Justice Story remains the youngest person ever named to the Supreme Court. He was just 32 when President James Madison nominated him to the High Bench in 1811. At that young age, he had already served in the U.S. House of Representatives, Speaker of the Massachusetts House, authored two volumes on pleading, and was a leader of the bar.
Madison’s appointment of Story to the Court was undertaken against the strong advice of his friend and mentor, Thomas Jefferson. Though Story was a Republican from Massachusetts, Jefferson warned that he would “out-Marshall, John Marshall.” For one of the few times in his life, Madison ignored Jefferson’s advice, but it wasn’t long before he realized that Jefferson was right.
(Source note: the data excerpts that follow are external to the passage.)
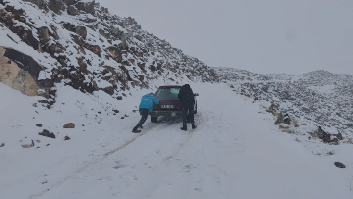 Bitlis'in Adilcevaz ilçesinde yoğun kar yağışı sürücülere zor anlar yaşattı.
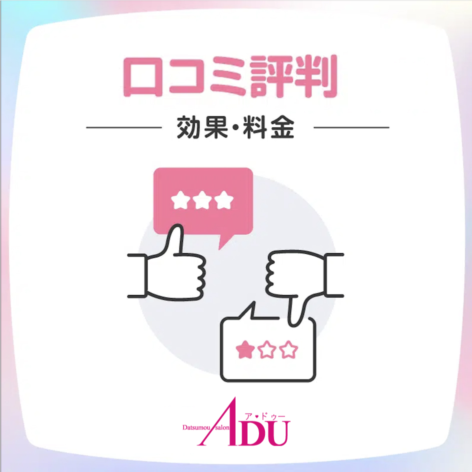 ADUの口コミ・評判を調べたところ、「脱毛効果が高く、料金もリーズナブル」という声が多く見られました。効果・料金・予約の取りやすさなど、ADUに関する口コミを紹介します。
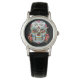 Women’s class black leather strap watch with an image of a Day of the Dead skull decorated with pink flowers and vines, red roses and a cross with four drops of blood on black. The Day of the Dead, or All Souls' Day, is celebrated on November 2 in various European and Latin American countries. In Mexico, the period of All Souls' Day festivities is held for several days, including All Saints' Day on November 1. See matching round button, square charm, drop earrings, large square premium metal keychain, round basic button keychain, swirl metal keychain and round necklace. See the entire Mexico Watch collection in the ACCESSORIES section.
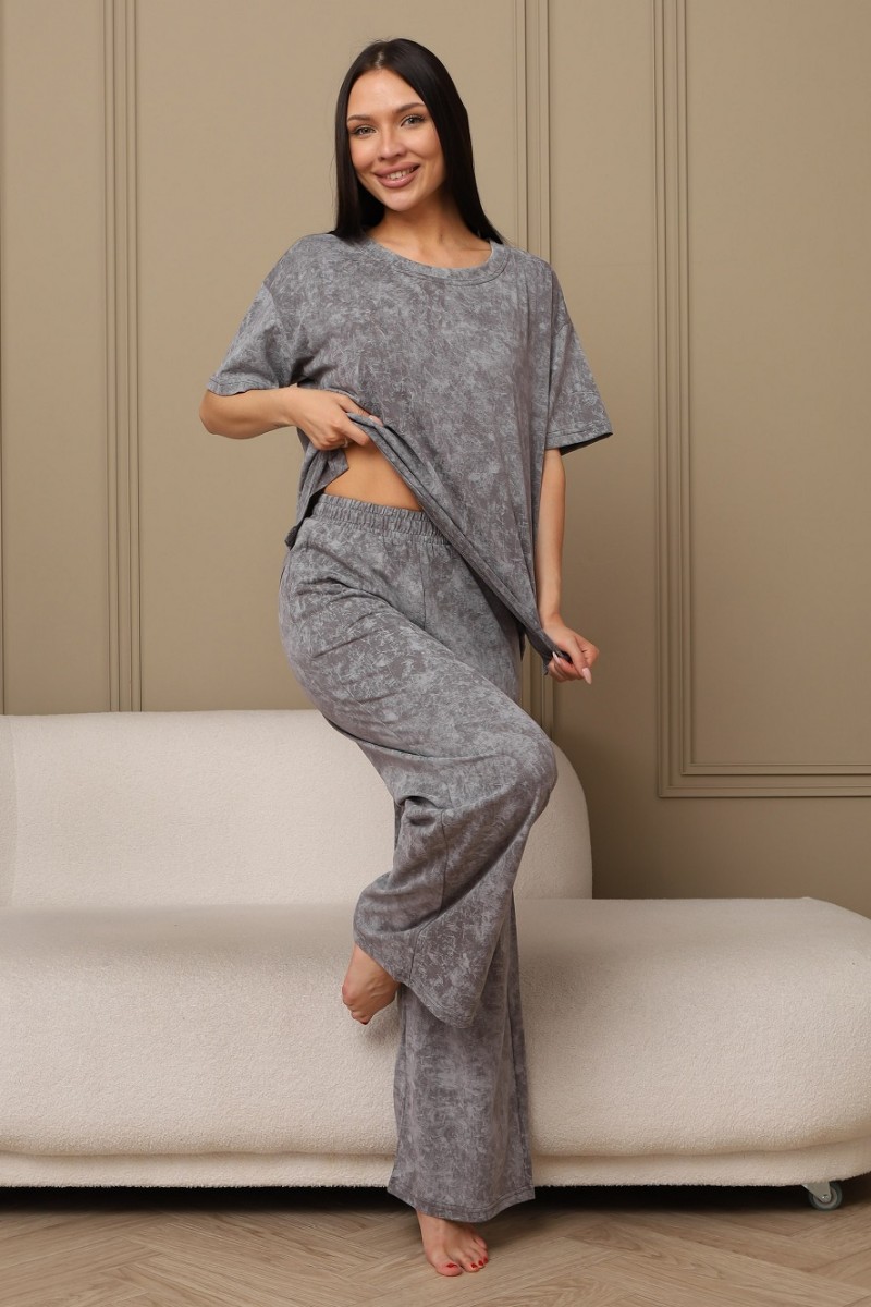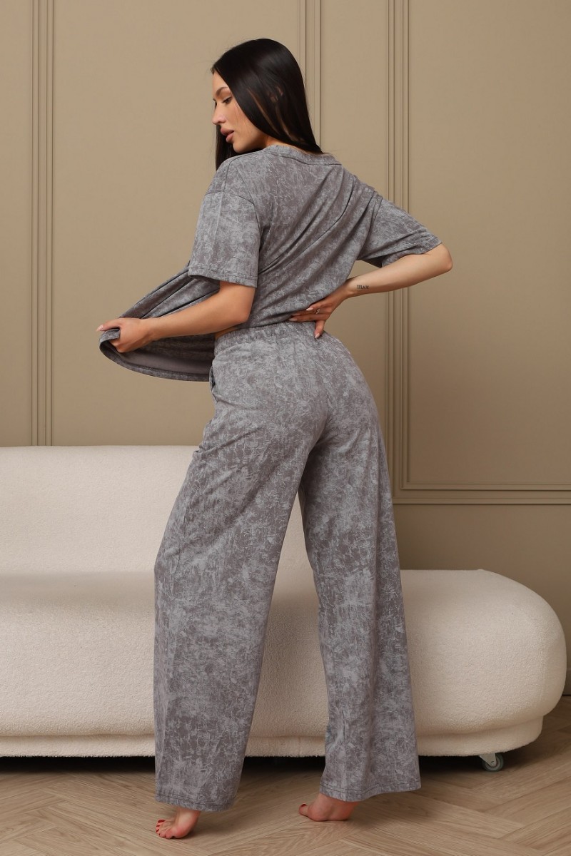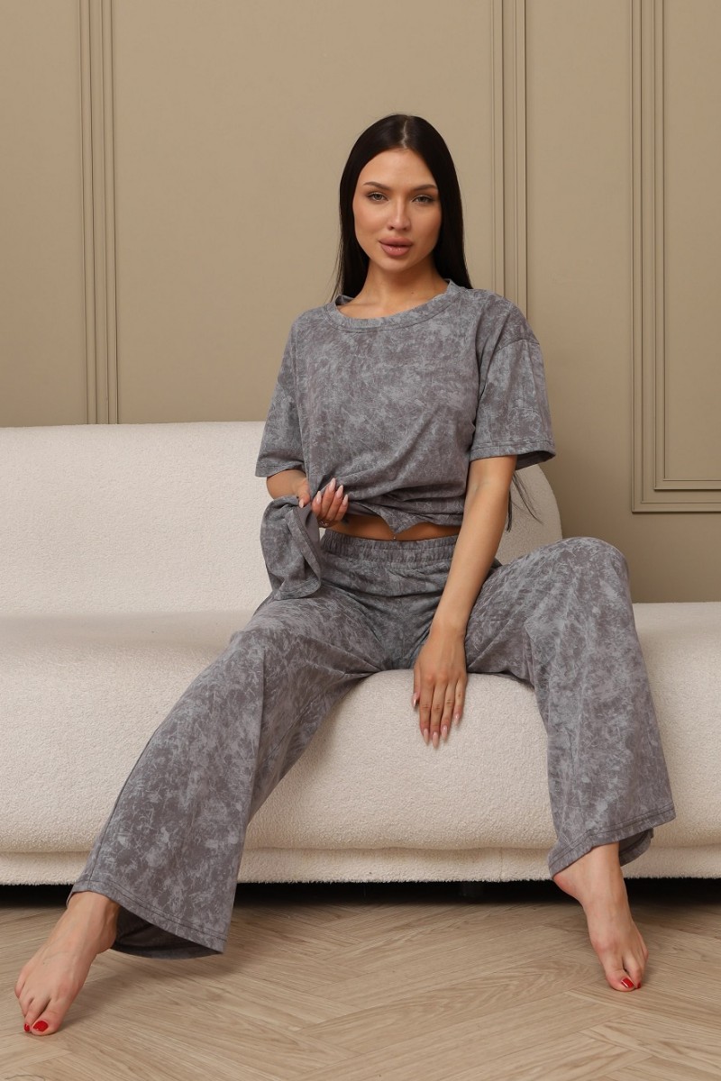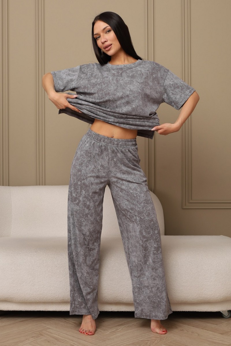 Представляем Вашему вниманию домашний женский костюм двойку, состоящий из футболки оверсайз, с разрезами в боковых швах по низу изделия, и свободных штанов-палаццо, дополненных широким поясом на резинке. Сшиты из качественного хлопкового полотна, позволяющего коже дышать.
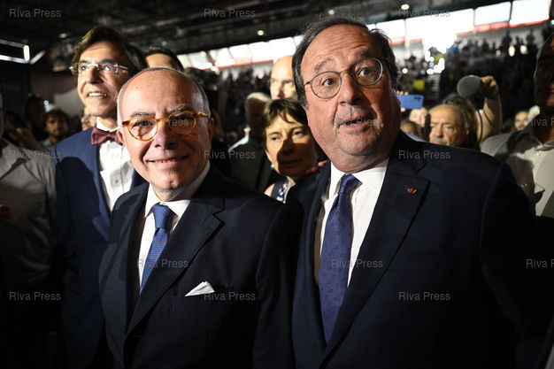 Caption : Premier meeting de "La Convention", mouvement de gauche anti-Nupes lancé en dehors du Parti socialiste par l'ancien Premier ministre Bernard Cazeneuve dans la perspective de la prochaine présidentielle - Palais des sports de Créteil. Bernard Cazeneuve - François Hollande /// First meeting of "La Convention", a left-wing anti-Nupes movement launched outside the Socialist Party by former Prime Minister Bernard Cazeneuve in view of the next presidential election. Bernard Cazeneuve - François Hollande - Créteil - 10/06/2023 - Photo © Lionel Préau +33 (0)6 68 12 83 77
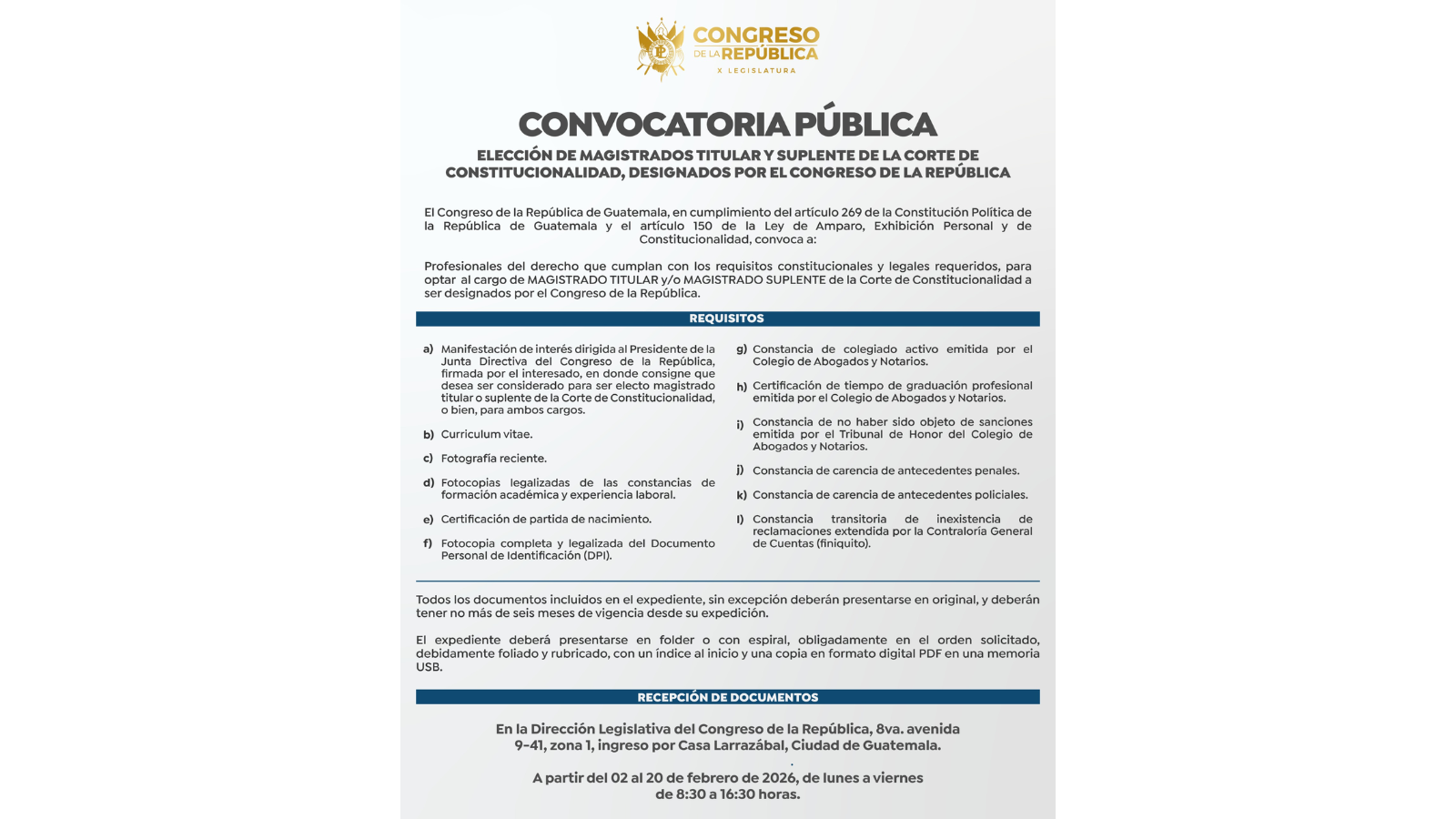 La recepción de expedientes se realizará del 2 al 20 de febrero del 2026, de 8.30 a 16.30 horas, en la Dirección Legislativa del Congreso, 8a. avenida 9-41, zona 1, ingreso por Casa Larrazábal, Ciudad de Guatemala.
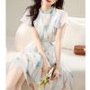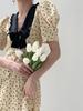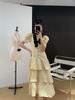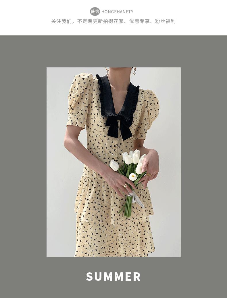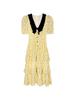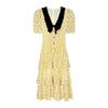 Hongyi 2025 Verano Nuevo Estilo Lady Vestido Francés Cuello V Dulce Elegante Lazo Falda Lunares

In his long and distinguished career on the Court (1811-1845), Justice Story, like Chief Justice Marshall, urged broad construction of national powers, at the expense of state powers. His masterful opinion in the landmark case of Martin v. Hunter’s Lessee (1816) rejected the claim of state sovereignty, a theory that would evolve, years later, into the doctrine of state secession from the union. Story reminded Americans that the people, not the states, are sovereign, that the people, not the states, ratified the Constitution. That fundamental principle, Story observed, could not have been more plainly stated than it was in the Preamble to the Constitution, which declares, “We the people ordain and establish this Constitution.”
In Hunter’s Lessee, Story upheld section 25 of the Judiciary Act of 1789, which vested in the Supreme Court appellate review of state court decisions. The ruling angered Virginia, which contended that its high court should have final authority over cases brought in the state. Story demonstrated conclusively that the union could not endure if state courts were able to defy the U.S. Supreme Court.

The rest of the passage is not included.